*What the task asks*. Look below for the line that has "岬を東側に抜けるともう一つの"; output exactly from it through the line that has "Shepard Fairey, one", and leave the pictures out.

*Dataset section*.
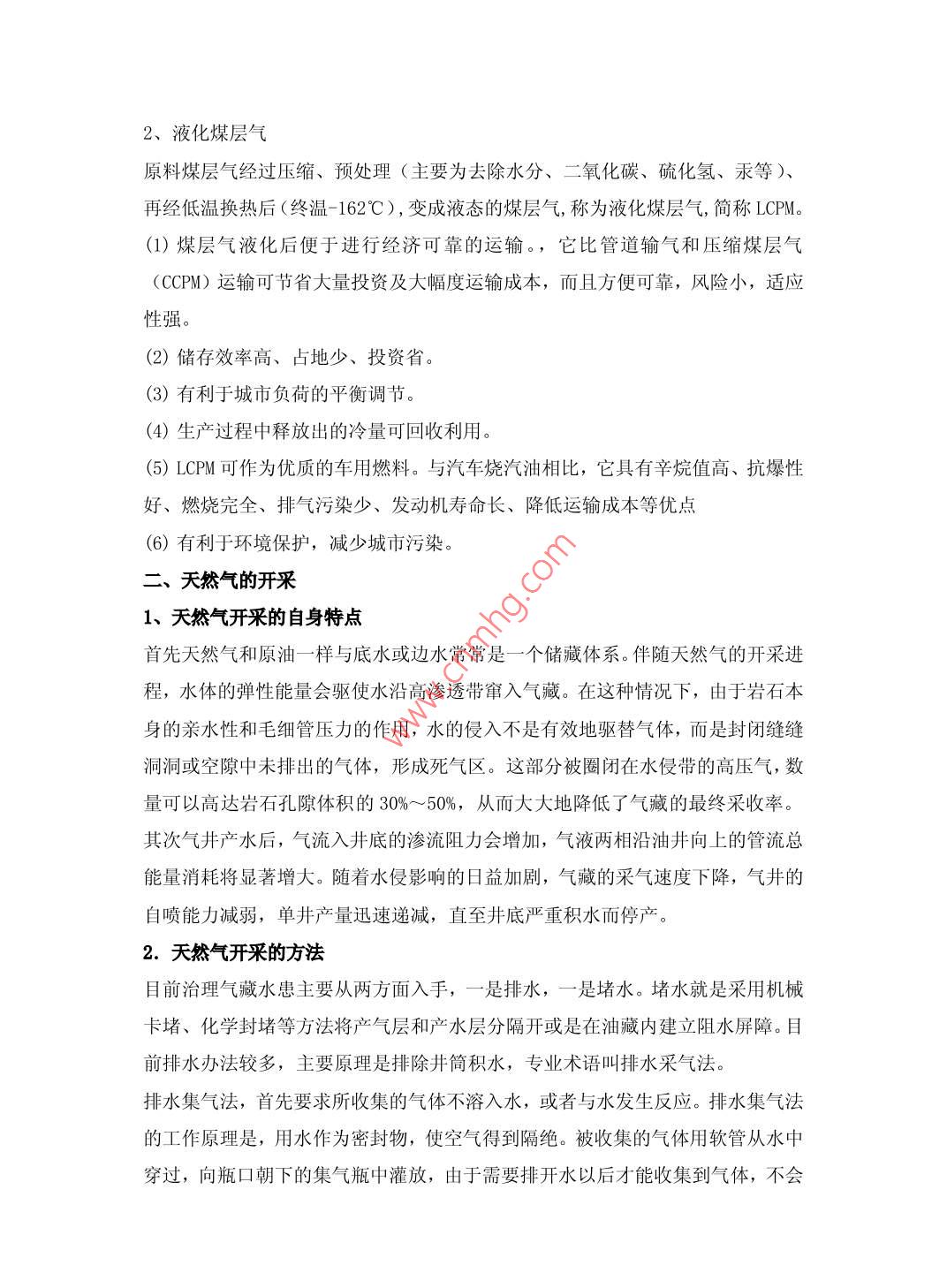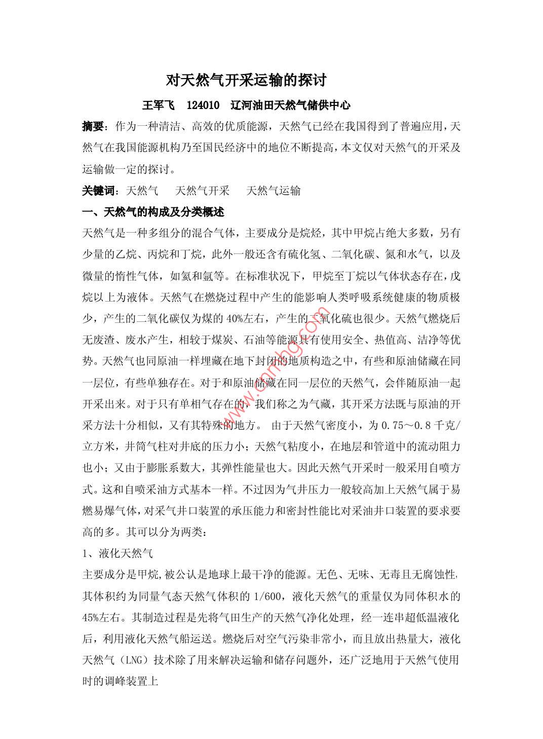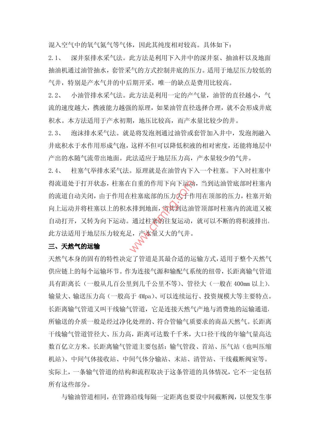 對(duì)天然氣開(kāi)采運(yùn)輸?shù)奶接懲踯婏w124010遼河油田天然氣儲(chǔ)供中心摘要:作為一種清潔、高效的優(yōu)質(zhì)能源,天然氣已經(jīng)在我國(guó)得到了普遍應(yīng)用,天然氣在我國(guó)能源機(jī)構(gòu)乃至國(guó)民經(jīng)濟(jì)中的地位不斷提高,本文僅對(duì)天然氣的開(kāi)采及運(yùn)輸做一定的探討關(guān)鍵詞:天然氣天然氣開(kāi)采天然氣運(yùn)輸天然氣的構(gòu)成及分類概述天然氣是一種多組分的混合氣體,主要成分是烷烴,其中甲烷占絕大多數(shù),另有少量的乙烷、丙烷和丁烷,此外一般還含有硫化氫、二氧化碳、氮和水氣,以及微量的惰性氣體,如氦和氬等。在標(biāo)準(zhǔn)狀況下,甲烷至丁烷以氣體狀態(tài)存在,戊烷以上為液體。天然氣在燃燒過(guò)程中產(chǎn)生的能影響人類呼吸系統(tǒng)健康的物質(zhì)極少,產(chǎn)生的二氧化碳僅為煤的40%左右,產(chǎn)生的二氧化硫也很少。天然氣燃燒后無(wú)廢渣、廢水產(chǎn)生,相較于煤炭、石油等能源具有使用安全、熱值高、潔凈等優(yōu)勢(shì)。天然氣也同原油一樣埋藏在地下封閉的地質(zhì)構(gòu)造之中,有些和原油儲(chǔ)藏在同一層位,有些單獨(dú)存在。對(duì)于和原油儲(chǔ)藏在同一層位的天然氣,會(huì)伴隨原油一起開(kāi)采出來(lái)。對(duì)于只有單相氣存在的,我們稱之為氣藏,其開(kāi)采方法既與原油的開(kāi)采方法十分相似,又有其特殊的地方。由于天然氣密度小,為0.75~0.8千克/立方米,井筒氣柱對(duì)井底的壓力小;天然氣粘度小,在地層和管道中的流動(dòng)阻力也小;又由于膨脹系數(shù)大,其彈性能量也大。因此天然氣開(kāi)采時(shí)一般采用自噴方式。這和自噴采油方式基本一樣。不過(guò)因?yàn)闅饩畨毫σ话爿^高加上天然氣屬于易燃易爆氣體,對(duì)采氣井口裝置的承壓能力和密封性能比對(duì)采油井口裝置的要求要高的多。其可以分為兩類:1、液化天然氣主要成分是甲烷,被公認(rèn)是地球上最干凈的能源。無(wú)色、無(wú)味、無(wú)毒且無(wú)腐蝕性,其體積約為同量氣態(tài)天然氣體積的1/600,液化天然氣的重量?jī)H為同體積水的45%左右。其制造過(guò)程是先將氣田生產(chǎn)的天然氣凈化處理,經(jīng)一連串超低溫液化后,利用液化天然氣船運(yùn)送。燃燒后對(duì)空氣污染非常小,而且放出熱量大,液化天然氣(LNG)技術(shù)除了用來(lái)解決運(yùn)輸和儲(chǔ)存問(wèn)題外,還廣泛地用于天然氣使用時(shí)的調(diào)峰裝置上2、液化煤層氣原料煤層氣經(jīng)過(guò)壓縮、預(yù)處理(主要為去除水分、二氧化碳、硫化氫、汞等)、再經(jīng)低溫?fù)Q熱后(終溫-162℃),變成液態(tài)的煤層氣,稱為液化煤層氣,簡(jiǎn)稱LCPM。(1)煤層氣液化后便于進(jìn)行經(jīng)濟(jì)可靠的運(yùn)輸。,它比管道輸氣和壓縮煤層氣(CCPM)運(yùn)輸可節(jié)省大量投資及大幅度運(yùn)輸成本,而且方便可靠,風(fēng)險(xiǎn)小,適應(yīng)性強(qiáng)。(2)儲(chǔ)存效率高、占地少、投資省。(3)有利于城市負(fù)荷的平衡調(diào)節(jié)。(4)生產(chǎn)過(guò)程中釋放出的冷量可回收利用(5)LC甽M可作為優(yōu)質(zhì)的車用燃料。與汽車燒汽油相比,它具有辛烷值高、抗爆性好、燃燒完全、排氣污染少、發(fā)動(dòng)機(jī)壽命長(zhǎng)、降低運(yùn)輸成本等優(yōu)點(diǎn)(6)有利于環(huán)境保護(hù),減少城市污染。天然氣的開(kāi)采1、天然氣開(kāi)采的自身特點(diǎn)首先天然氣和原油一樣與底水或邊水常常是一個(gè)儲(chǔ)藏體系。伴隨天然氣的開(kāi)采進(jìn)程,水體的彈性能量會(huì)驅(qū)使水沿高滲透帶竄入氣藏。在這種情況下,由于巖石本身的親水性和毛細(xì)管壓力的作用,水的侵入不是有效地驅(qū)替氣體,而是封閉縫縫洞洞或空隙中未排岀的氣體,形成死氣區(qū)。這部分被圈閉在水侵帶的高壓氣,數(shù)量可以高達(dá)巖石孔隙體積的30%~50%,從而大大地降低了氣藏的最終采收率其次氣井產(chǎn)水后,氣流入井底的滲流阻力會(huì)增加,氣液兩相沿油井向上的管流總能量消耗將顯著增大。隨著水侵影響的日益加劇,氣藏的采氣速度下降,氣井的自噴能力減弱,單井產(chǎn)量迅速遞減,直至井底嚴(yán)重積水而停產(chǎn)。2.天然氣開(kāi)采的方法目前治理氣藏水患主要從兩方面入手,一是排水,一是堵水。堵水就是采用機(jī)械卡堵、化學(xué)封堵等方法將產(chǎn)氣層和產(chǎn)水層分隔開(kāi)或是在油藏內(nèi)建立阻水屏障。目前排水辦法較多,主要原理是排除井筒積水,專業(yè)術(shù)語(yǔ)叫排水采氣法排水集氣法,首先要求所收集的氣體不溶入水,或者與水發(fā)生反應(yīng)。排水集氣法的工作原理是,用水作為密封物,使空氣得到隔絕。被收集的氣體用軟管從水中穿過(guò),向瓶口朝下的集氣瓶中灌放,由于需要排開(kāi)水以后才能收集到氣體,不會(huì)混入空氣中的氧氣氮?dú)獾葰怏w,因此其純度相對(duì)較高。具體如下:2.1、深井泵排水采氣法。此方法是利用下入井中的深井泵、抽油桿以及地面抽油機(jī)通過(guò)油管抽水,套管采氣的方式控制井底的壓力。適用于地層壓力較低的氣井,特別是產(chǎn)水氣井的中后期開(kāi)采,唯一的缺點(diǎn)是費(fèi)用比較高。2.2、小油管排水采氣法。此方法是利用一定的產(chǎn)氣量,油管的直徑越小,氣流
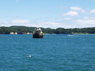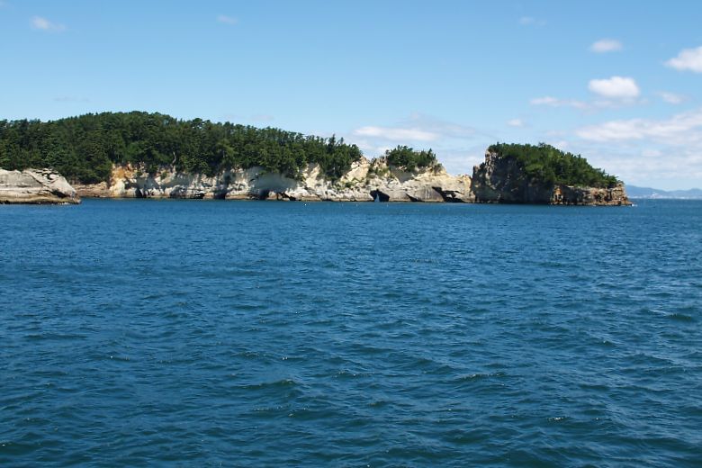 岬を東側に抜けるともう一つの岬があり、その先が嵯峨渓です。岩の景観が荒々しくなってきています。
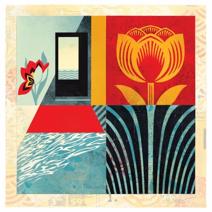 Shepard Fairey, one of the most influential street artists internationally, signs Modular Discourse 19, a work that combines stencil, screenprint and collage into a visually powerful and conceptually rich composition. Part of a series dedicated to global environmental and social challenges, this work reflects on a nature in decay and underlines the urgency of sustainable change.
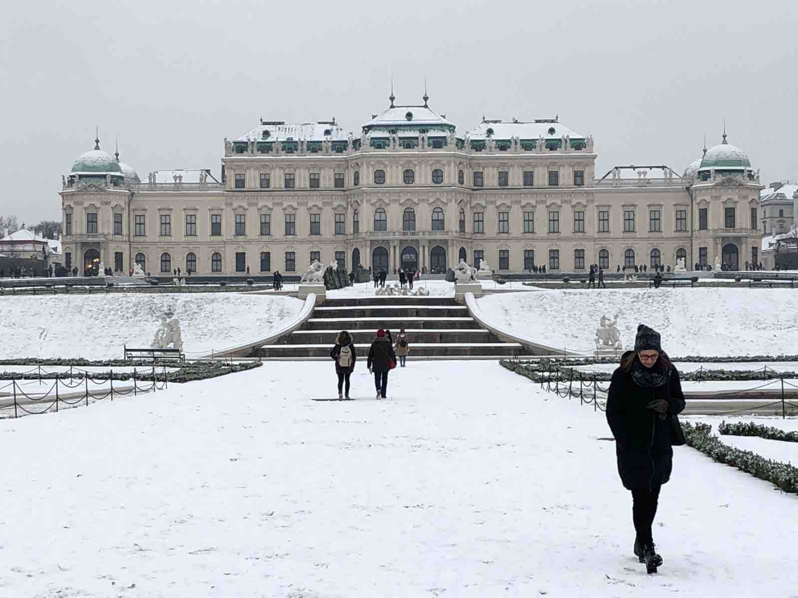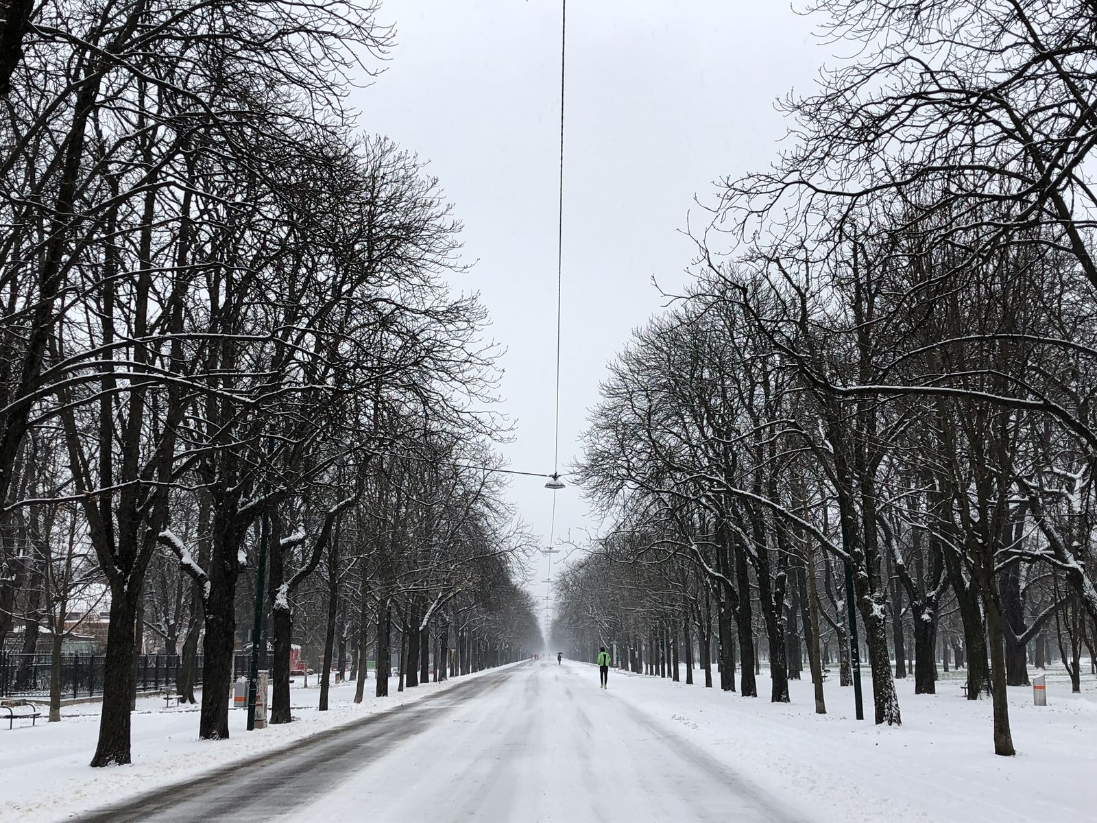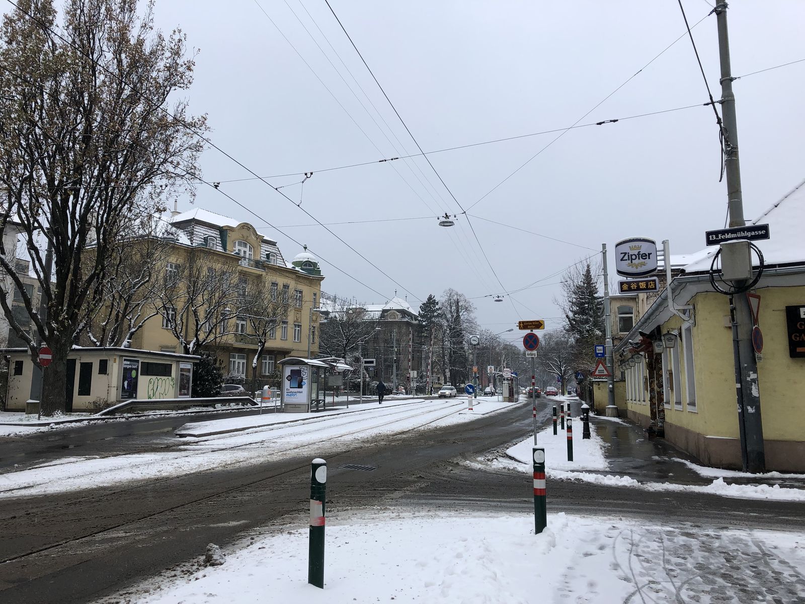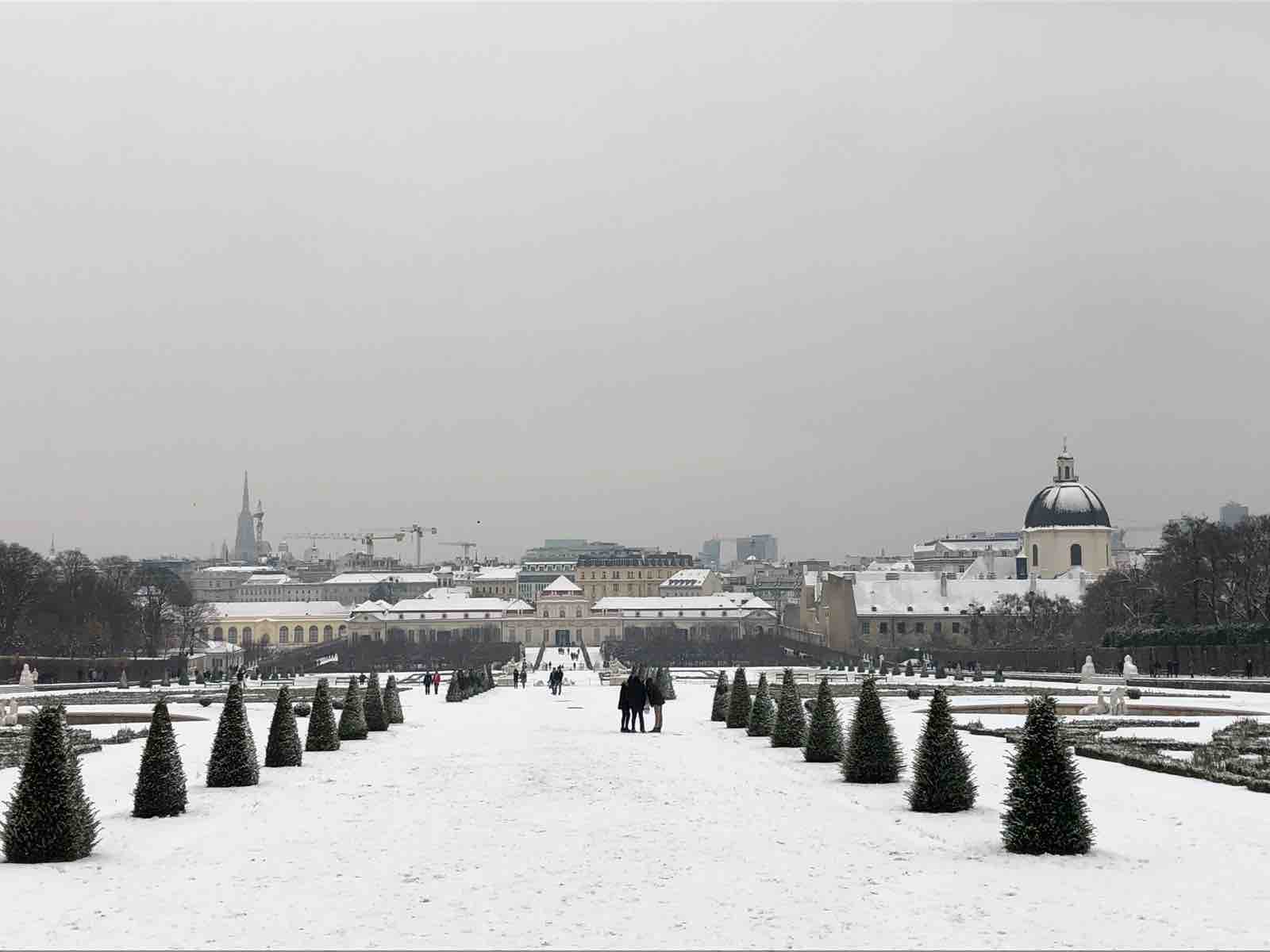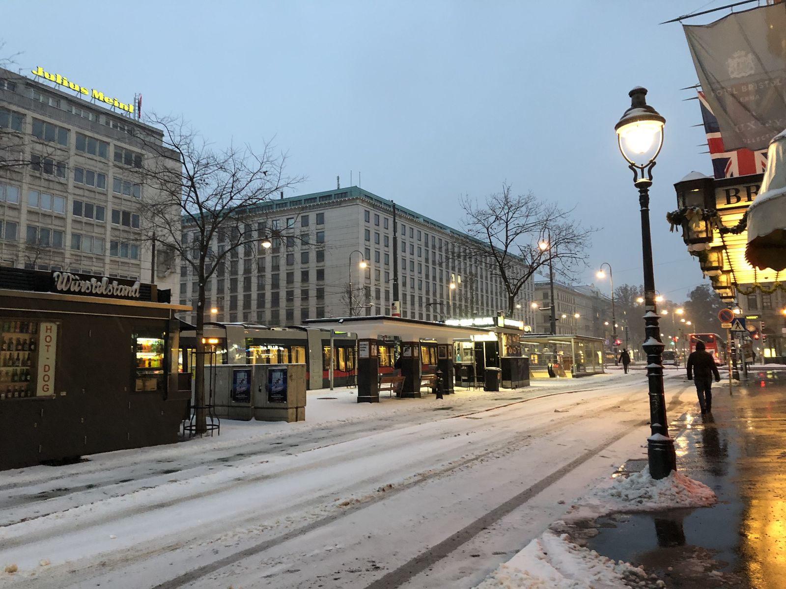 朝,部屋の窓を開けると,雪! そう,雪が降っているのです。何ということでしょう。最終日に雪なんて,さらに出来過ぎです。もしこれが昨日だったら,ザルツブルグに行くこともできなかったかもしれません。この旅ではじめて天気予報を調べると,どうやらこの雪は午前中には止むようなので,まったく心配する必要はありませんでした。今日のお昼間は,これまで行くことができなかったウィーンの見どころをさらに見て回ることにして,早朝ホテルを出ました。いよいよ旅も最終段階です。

*Problem solution*.
 岬を東側に抜けるともう一つの岬があり、その先が嵯峨渓です。岩の景観が荒々しくなってきています。
 Shepard Fairey, one of the most influential street artists internationally, signs Modular Discourse 19, a work that combines stencil, screenprint and collage into a visually powerful and conceptually rich composition. Part of a series dedicated to global environmental and social challenges, this work reflects on a nature in decay and underlines the urgency of sustainable change.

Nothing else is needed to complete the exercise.